(Records from a dataset)
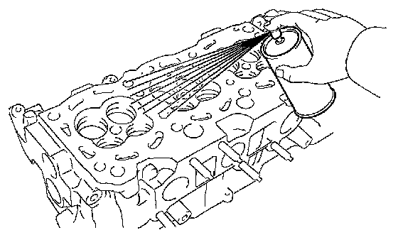 a. Using a dye penetrate, check the combustion chamber, intake ports, exhaust ports and cylinder block surface for cracks.
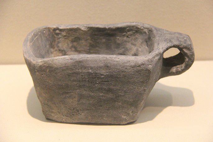 河姆渡文化陶单耳方钵,余姚河姆渡遗址出土。
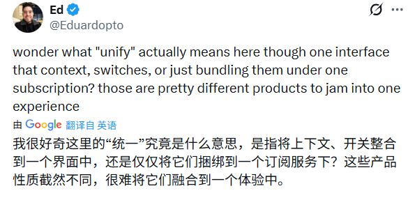 有用户质疑,这个统一是指将上下文和功能整合到一个界面,还是只是打包成一个订阅套餐?这几个产品特性相差甚远,很难揉进同一个体验里。
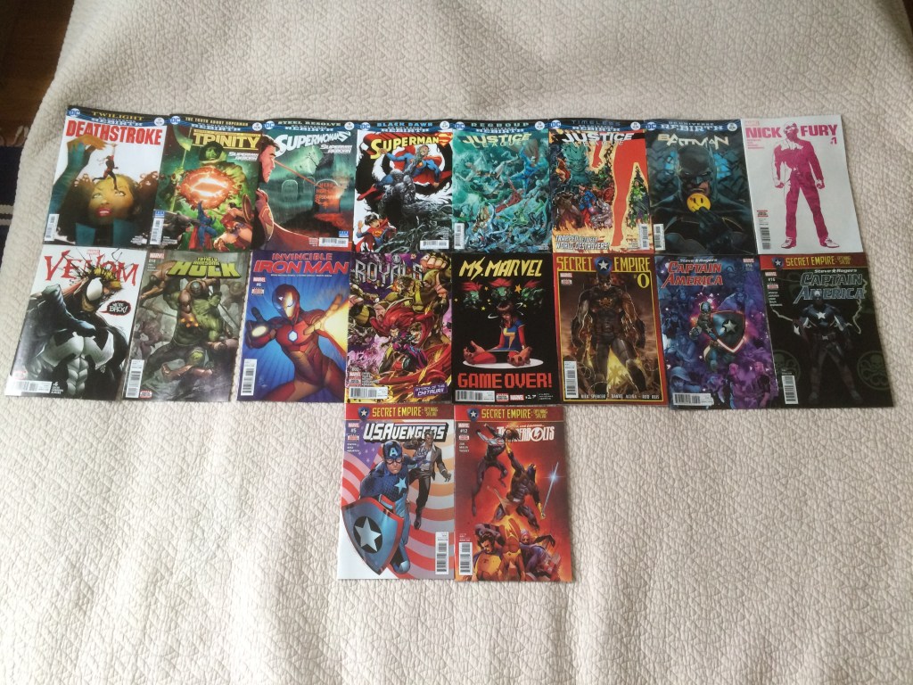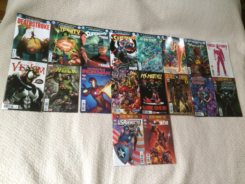 I couldn’t get the lighting correct for this photo so I just posted two. This was the week Venom got a new run, Nick Fry got a very colorful retro comic, and the beginnings of Secret Empire appeared. Hydra was having a grand old time. XD
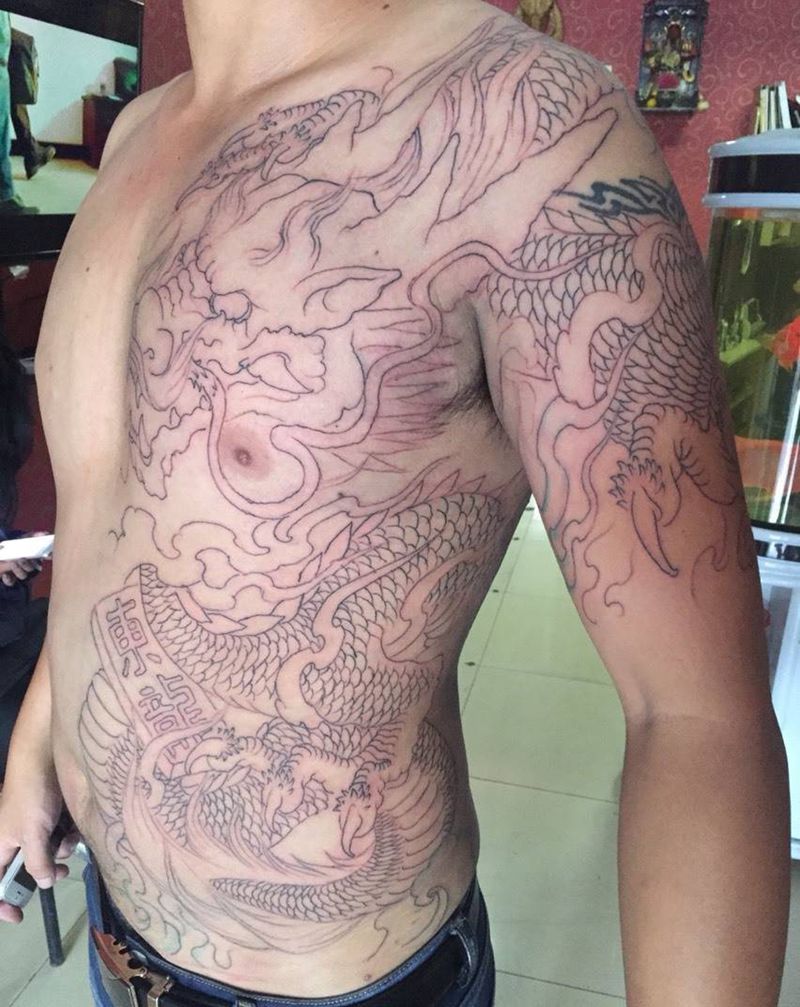 当前位置: 首页 >山东省济宁市纹身店-东龙纹身纹身图案>半胛龙纹身图片

(Task to carry out) Nothing but the lines from the one containing "有用户质疑,这个统一是指将上" through the end of the entries should be written out, exactly and without pictures.

(Solution to the exercise)
 有用户质疑,这个统一是指将上下文和功能整合到一个界面,还是只是打包成一个订阅套餐?这几个产品特性相差甚远,很难揉进同一个体验里。
 I couldn’t get the lighting correct for this photo so I just posted two. This was the week Venom got a new run, Nick Fry got a very colorful retro comic, and the beginnings of Secret Empire appeared. Hydra was having a grand old time. XD
 当前位置: 首页 >山东省济宁市纹身店-东龙纹身纹身图案>半胛龙纹身图片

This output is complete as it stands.